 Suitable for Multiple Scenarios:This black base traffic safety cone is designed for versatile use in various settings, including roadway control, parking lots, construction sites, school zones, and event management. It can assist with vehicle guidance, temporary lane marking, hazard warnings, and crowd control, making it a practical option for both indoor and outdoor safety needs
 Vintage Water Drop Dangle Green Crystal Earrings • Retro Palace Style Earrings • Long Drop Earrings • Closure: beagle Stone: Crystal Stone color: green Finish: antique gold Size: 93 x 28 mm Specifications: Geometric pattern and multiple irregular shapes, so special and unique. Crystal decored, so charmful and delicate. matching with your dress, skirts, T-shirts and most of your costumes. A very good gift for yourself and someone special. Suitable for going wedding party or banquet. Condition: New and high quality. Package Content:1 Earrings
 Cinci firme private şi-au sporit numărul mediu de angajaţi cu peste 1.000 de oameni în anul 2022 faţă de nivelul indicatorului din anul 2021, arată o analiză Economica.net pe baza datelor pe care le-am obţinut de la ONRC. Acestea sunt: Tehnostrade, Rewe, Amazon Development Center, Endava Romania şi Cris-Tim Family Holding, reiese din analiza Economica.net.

--------------------------------------------------

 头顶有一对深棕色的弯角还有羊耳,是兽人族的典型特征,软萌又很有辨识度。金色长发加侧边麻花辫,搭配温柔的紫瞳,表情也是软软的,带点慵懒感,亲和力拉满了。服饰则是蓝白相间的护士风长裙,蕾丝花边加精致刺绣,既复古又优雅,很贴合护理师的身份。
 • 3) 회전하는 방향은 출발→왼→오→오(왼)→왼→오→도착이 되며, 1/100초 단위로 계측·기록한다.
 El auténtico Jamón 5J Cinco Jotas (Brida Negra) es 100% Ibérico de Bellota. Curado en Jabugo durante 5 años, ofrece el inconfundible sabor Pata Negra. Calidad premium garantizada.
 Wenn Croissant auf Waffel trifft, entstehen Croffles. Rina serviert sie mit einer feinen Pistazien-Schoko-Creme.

--------------------------------------------------

*YOUR GOAL*:
Please transcribe only the lines in the records above running from the line that has "Vintage Water Drop" through the line that has "Cinci firme private", both included, exactly as they appear.

*TASK OUTPUT*:
 Vintage Water Drop Dangle Green Crystal Earrings • Retro Palace Style Earrings • Long Drop Earrings • Closure: beagle Stone: Crystal Stone color: green Finish: antique gold Size: 93 x 28 mm Specifications: Geometric pattern and multiple irregular shapes, so special and unique. Crystal decored, so charmful and delicate. matching with your dress, skirts, T-shirts and most of your costumes. A very good gift for yourself and someone special. Suitable for going wedding party or banquet. Condition: New and high quality. Package Content:1 Earrings
 Cinci firme private şi-au sporit numărul mediu de angajaţi cu peste 1.000 de oameni în anul 2022 faţă de nivelul indicatorului din anul 2021, arată o analiză Economica.net pe baza datelor pe care le-am obţinut de la ONRC. Acestea sunt: Tehnostrade, Rewe, Amazon Development Center, Endava Romania şi Cris-Tim Family Holding, reiese din analiza Economica.net.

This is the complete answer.